Although only 13 terms were found with both procedures, the identified terms were among the most significant ones detected in the enrichment analysis setting. This indicates, that both procedures identified a strong signal related to DNA and cell cycle related processes. As semantic subgroup discovery was conducted for separate communities, the results were expected to be more detailed and comprehensive. This was indeed the case: given that many CBSSD rules consist of two conjuncts, these rules are potentially more informative than the ones identified by ontology enrichment analysis. As iron binding proteins were present in the protein list (this was known from the previous study Škrlj et al. (Škrlj et al. 2017)), rule R = GO:0034618GO:0006874 appeared as one of the most significant rules. Ontology terms in this rule represent arginine binding and cellular calcium homeostasis—both processes described by terms annotating nodes from the input list representing a term combination not detected with conventional enrichment analysis. The key UniProt term found for this rule was P41180 (CASR), which represents the extracellular calcium-sensing receptor (Garrett et al. 1995). As CASR is indeed critical for calcium homeostasis discovery (GO:0006874), it confirms the validity of our CBSSD approach. The second term (GO:0034618), representing arginine binding is not so directly associated with the CASR protein. To further investigate the context within which GO:0034618 occurs, we queried the gene ontology database directly for similar proteins, already associated with this term. The majority of proteins annotated with this term correspond to acetylglutamate kinase, an enzyme that participates in the metabolism of amino acids (e.g., urea cycle). A possible interpretation of this association is that the CASR protein induces hormonal response, which could effectively lead to increased amino-acid metabolism, providing the molecular components necessary for establishment of homeostasis. This association serves as a possible candidate for further experimental testing and demonstrates the hypothesis generation capabilities of the CBSSD approach.
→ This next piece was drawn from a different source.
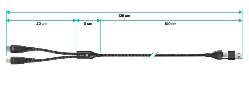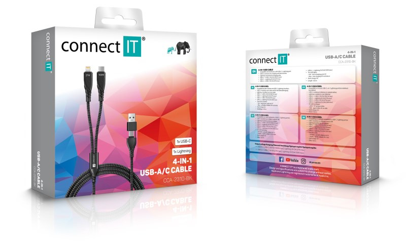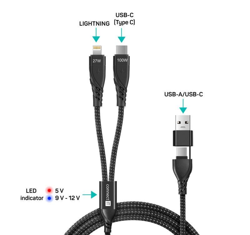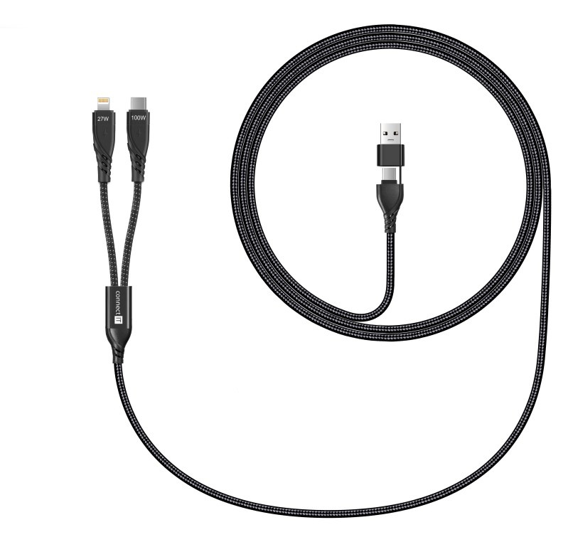 Univerzální nabíjecí kabel 4v1 pro nabíjení zařízení s konektory 1x USB-C a 1x Lightning se vstupním konektrom USB-C a redukcí na USB-A. Umožňuje nabíjení až dvou zařízení současně s podporou rychlého nabíjení pomocí max. proudového toku 5 A. Speciální manžetová nadstavba konektorů zaručuje lepší přístupnost k nabíjecím zdířkám mobilních telefonů v pouzdrech.

Another interesting rule emerged from the first identified community, i.e. the rule GO:0030903GO:0000006 was found for UniProt entries Q96SN8 (CDK5 regulatory subunit-associated protein 2), O94986 (Centrosomal protein), Q9HC77 (Centromere protein J) and O43303 (Centriolar coiled-coil protein). It can be observed that all the identified proteins are connected with nucleus-related processes. Term GO:0030903 corresponds to notochord development, which is a stage in cell division—a term directly associated with the identified proteins. The second term, GO:0000006, corresponds to high-affinity zinc uptake transmembrane transporter activity, a process related to enzyme system responsible for cell division and proliferation. Although this rule does not imply any new hypothesis, it demonstrates the generalization capability of the CBSSD approach.
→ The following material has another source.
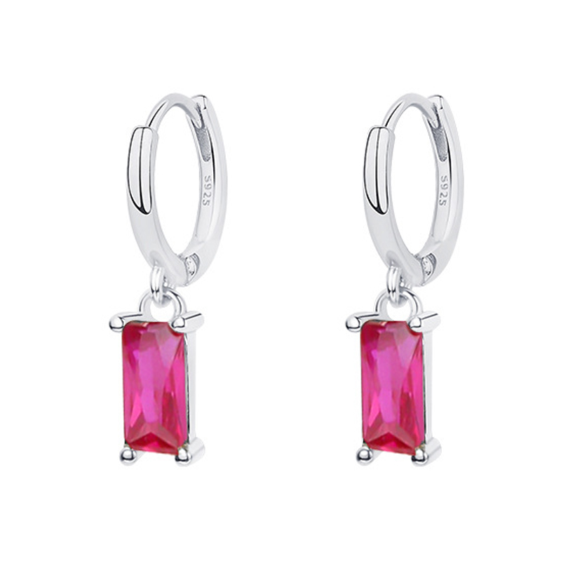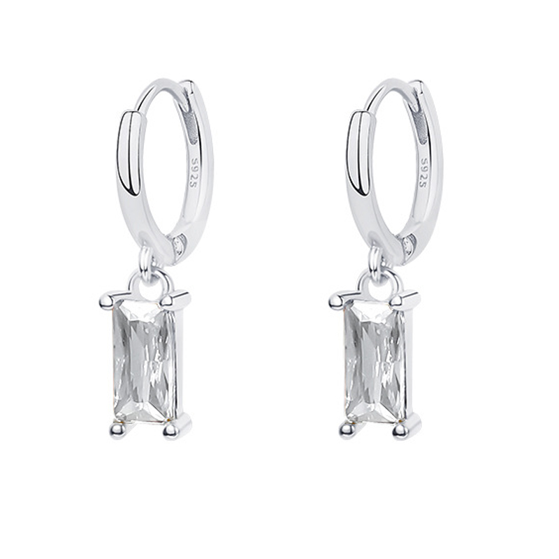 Product: Wholesale 925 Sterling Silver Silver Tone Rectangle Zirconia Charm Hoop Earrings 60300132.

Many terms are specific to either semantic rule discovery based on community detection or enrichment analysis. This discrepancy appears due to the fact that community detection splits the input term list into smaller lists, which can be described by completely different terms than the list as a whole. As the CBSSD methodology splits the input list, it is not sensible to compare it with conventional approaches, which operate on whole lists. Both approaches cover approximately the same percentage of input terms. The CBSSD’s coverage is 12.02% with 218 GO terms, whereas the term coverage for conventional enrichment is 12.3% with 881 GO terms. The term discrepancy serves only as a proof of fundamental difference between the two approaches. Nevertheless, we demonstrate that our approach is a useful complementary methodology to the well established enrichment analysis.
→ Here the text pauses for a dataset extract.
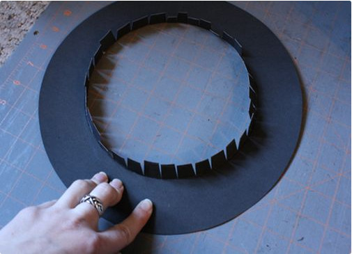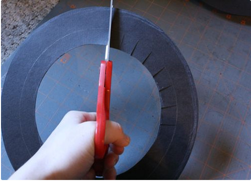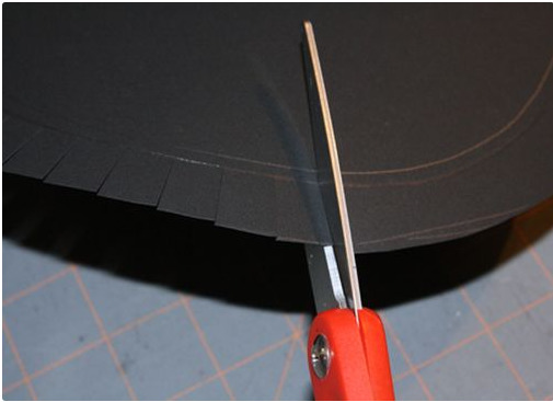 - Cut the last drawn circle and make small notches to the level of the first circle - create the so-called fringe. Fold this fringe inside the small circle.

Grouping of cancer-related epigenetic factors

Epigenetics is a field where processes such as methylation are studied in the context of the influence of environment on the phenotype. Epigenetic factors are actively researched and are constantly updated in databases such as emDB (Nanda et al. 2016), where information such as gene expression, tissue information and variant information is publicly accessible. We tested the developed approach on the list of many currently known epigenetic factors related to cancer. The epigenetics data set was chosen for two main reasons: first, to demonstrate the CBSSD’s performance on a data set, to our knowledge not yet used in semantic subgroup discovery, and second, this data set serves to further test the developed methodology in the context of different biological process. The 153 distinct UniProt terms were used as input for the BioMine knowledge graph construction. The final graph consisted of approximately 4,500 nodes and 5,500 edges, respectively. The obtained knowledge graph is significantly larger than the one used in the previous case study (properties of SNVs in binding sites) and thus demonstrates the capabilities of the developed approach on larger graphs.

Using InfoMap, more than 50 communities were identified. These communities were further inspected. For the community including UniProt term Q8WTS6 (Histone-lysine N-methyltransferase), many interesting rules were detected by the CBSSD approach. For example, rule GO:1990785 ∧ GO:0000975 ∧ GO:0000082 (with p = 0.09) indicates that the protein is indeed highly associated with epigenetic processes. Term GO:1990785 describes water-immersion restraint stress, term GO:0000975 regulatory region DNA binding and term GO:0000082 transition of mitotic cell cycle. All three terms describe the Q8WTS6 entry, as it effects the DNA’s topological properties (coil formation) and is responsible for transcriptional activation of genes, which code for collagenases, enzymes crucial to mitotic cell cycle (wall formation).

To further analyze CBSSD’s generalization capabilities, we plotted all the rules (discovered by CBSSD) for the individual communities (identified by InfoMap) against all the GO terms identified as enriched by the DAVID Bioinformatics Suite (Huang et al. 2007). As this experiment is conducted using only the terms, previously identified as significant by DAVID, CBSSD’s significance threshold was relaxed to p = 0.5. This relaxation was introduced to enable the discovery of more interesting patterns, which would otherwise be considered noise or false positive results.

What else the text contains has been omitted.